A new art exhibit at downtown San Antonio’s Centro de Artes Gallery will celebrate the things that go bump in the night. Beginning October 2, Cuentos y Arte: Mexican American Folk Tales of the Southwest showcases artworks inspired by often eerie regional stories that are vital to the local Hispanic community.

The exhibit, influenced by the classic 1980 anthology Cuentos: Tales from the Hispanic Southwest, will feature paintings, lithographs, drawings, soft sculptures, textiles, and installations from five women artists who have lived and/or worked across South Texas and the Southwest United States.

The participating artists – Lisette Chavez, Audrya Flores, April Garcia, Angelica Raquel, and Hailey Marmolejo – created art pieces that draw upon the 23 cuentos, or “folk tales,” contained inside the book.

The spectacular tales cover witchcraft, magic, odd events, and the dark figures that have become oral storytelling traditions among early Spanish settlers and their descendants.

Cuentos y Arte, like its source material, revolves around infamous Mexican American folk tales and legends:

  • El Hombre, El Burro y El Perro (Man, Burro, Dog)
  • El Santo Niño (The Holy Child)
  • El Cucuy (a mythical ghost-like being)
  • La Lechuza (an evil witch who changes into an owl and preys on children)
  • La Llorona (a weeping woman who cries along rivers and creeks after drowning her children in a fit of rage)

Rebecca Gomez, a San Antonio native, art historian, and author, curated the supernatural show.
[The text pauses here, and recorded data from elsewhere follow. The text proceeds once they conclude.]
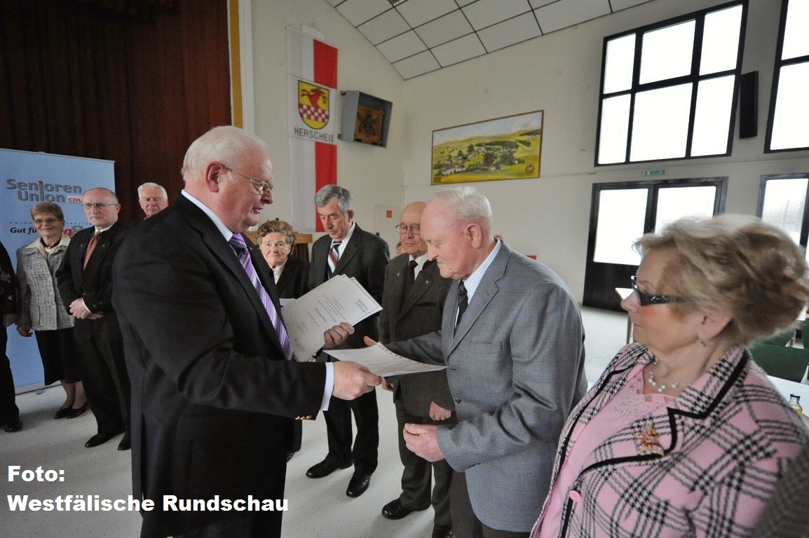 Die Ehrung des Ortsvorsitzenden übernahmen der Bezirks- und Kreisvorsitzende der Senioren Union Eberhard Bauerdick sowie das örtliche Vorstandsmitglied Annerose Kober vor. Beide würdigten ihn als Motor der Herscheider Senioren Union und dankten ihm für seinen zehnjährigen Einsatz.
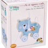 Lesena igrača na kolesih z medvedkom privlači pozornost in spodbuja otroka k gibanju.
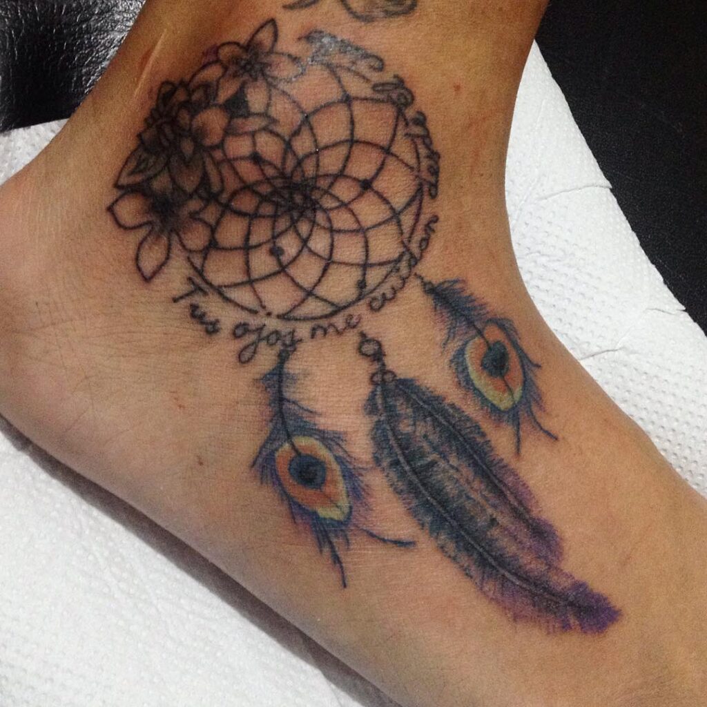 This ankle tattoo is a unique take on the dreamcatcher, featuring peacock feathers with their signature eye-like patterns and delicate purple tips. The dreamcatcher itself is adorned with flowers and a handwritten phrase for a deeply personal touch.
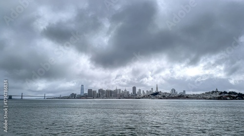 © Imron, Fototapeta premium a striking contrast between two different scenes. on the left side, there's an overcast sky filled with heavy clouds, creating a dramatic, moody atmosphere
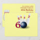 Vous pouvez personnaliser tout le texte de cette 60e invitation à la fête d'anniversaire sur le thème du bowling. Vous pouvez changer le texte et le numéro sur le devant et l'utiliser pour un 40e, 50e, 70e ou autre anniversaire. Le design comprend une boule de bowling avec des épingles et la boule faite pour ressembler à zéro sur 60 à l'avant. les couleurs jaunes et rouges qui peuvent également être changées en couleurs préférées.
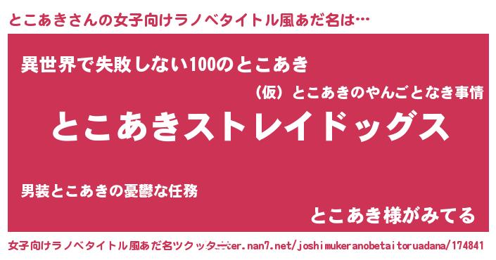 | 意味不明あだ名 | 『自称とこあき』『永久保存とこあき』 |
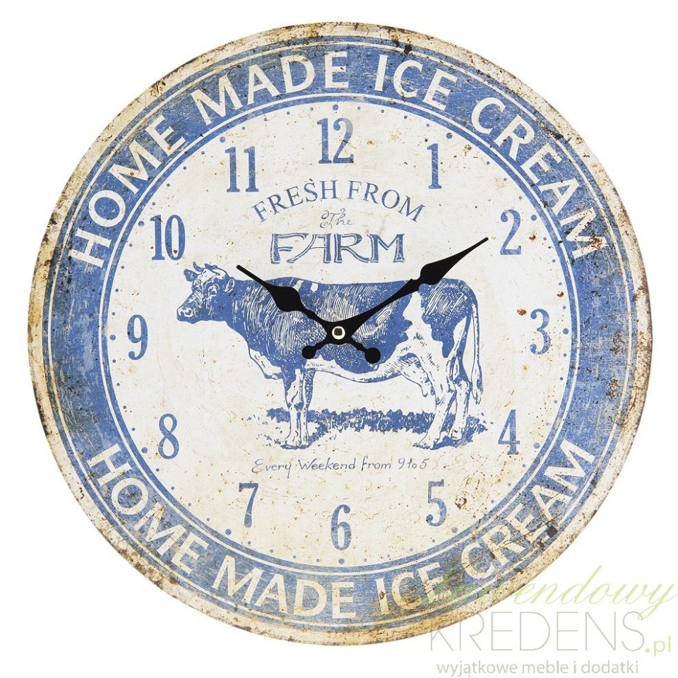 Zaaranżuj kuchnię w sielskim klimacie wykorzystując do tego zegar prowansalski. To zegar z krową w kolorze biało-niebieskim z wieloma postarzeniami, zdobiony dodatkowo napisami. Niespotykane, przykuwające uwagę zegary ścienne staną się wizytówką wnętrz stylizowanych na retro i prowansalskich. Zegary w stylu prowansalskim to trendy najbliższe naturze.
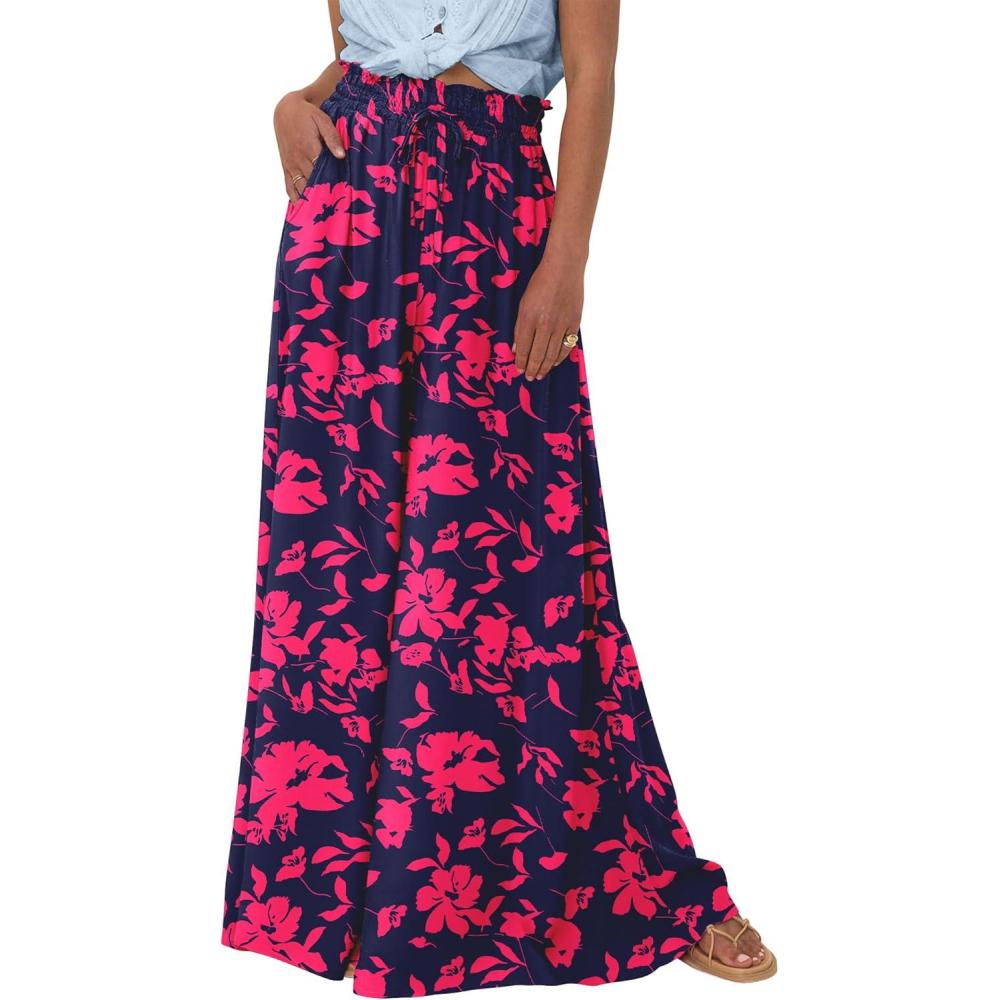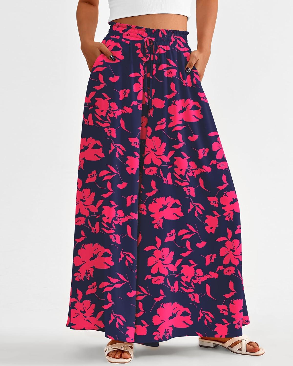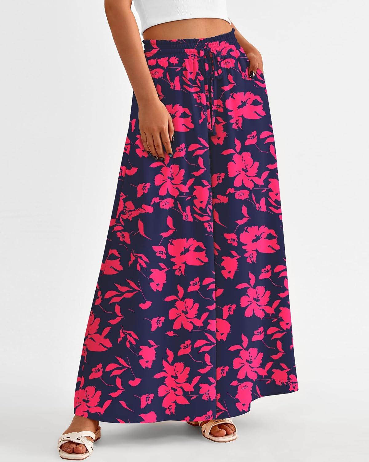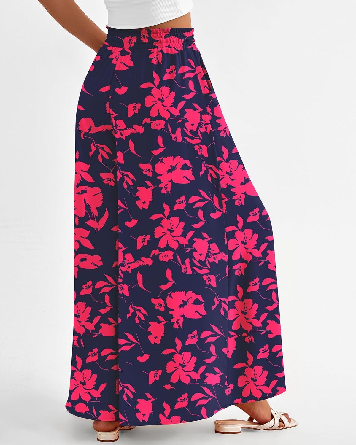 BTFBM Women Casual High Waist Wide Leg Pants 2026 Spring Summer Long Palazzo Pants Pocket Lounge Beach Vacation Clothes(Print Navy Rose Red)
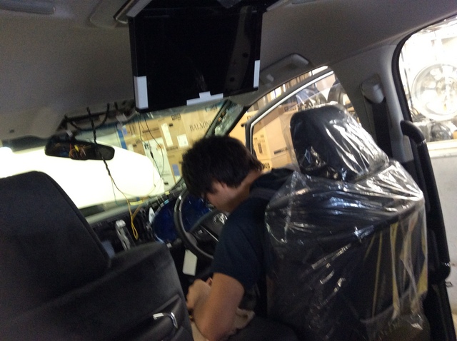 定番の、フリップダウンモニターとバックカメラは付きました。
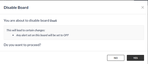 You will be prompted to confirm your action to disable the board. On confirmation, the board and any alerts set on the board will be disabled.

She says the book and exhibit show how oral tradition shapes cultural memory and identity.

“By bringing five contemporary women artists into dialogue with generations of storytellers, the show translates living folktales into visual form and underscores that these narratives are archives, moral guides, and sources of resilience that continue to evolve,” Gomez says. “Each telling adapts to its time and place, proving that folklore is never static —it’s alive and responsive to our present,” she added.

Cuentos y Arte Cuentos y Arte explores some of the Southwest’s most enduring legends.Arts & Culture, City of San Antonio/Facebook

The enduring spirit of La Llorona
Raquel, a Laredo native who now resides in San Antonio, focused her eye on the enduring legend La Llorona.

“For me, folklore has been an important part of my growing up and familial ties,” she says. “It is the ritual of storytelling that bonded my family together and allowed us to reach back to our departed loved ones and reach forward to the younger generations.”

In Raquel’s eyes, the tragic La Llorona is an especially key legend in the Latinx community, one that particularly speaks to women.

“La Llorona resonates deeply with me,” Gomez adds. “In Angelica Raquel’s ‘The Tragedy of La Llorona,’ the legend becomes less about fear and more about grief, mental health, and the pressures women face —transforming a cautionary tale into a poignant reflection on loss and societal neglect.”

Old legends in a new light
Marmolejo, born and raised in San Antonio, says her paintings reimagine traditional Mexican American folk tales and legends through a contemporary Tejana lens.

“Each work takes a story or figure that has long circulated in our culture and reframes it to uncover layers of meaning around gender, identity, and power,” she says.

One of Marmolejo’s paintings, titled ‘Immaculate,” portrays Virgin de Guadalupe as “a nude, unapologetically pregnant woman crowned with a pink cowboy hat” as she tackles the Madonna-whore complex and celebrates the complexity of womanhood.

In Marmolejo’s other works, La Llorona is a figure who addresses generational grief and silenced voices, while La Malinche — an indigenous woman who contributed to the Spanish conquest of the Aztec empire — is recast as the betrayed rather than the betrayer, reclaiming her agency from history.

“Works like ‘La Mano Pachona’ and ‘The Donkey Lady’ lean into the humor and strangeness of folklore, showing how even the most fantastical stories shape the way we grow up,” Marmolejo explains.

In Marmolejo’s view, such regional folk tales and legends shape a people’s sense of identity, morality, and imagination. She has long been fascinated with the Donkey Lady, a disfigured woman who is said to haunt part of the Medina River on the South Side. Marmolejo said the legend shows how folklore blurs the line between myth and reality.

“They are cultural blueprints, but they’re also mutable, changing with each retelling. I’m drawn to the tension between what these tales were meant to teach and what they reveal about fear, control, survival, and resilience,” Marmolejo says.

The October 2 opening reception for Cuentos y Arte and another Centro de Artes exhibit, Madre Land: South Texas Memory and the Art of Making Home, will be held from 6–9 pm at 101 S. Santa Rosa St. The event, which includes light refreshments, is free and open to the public. Both exhibits will be on view through February 22.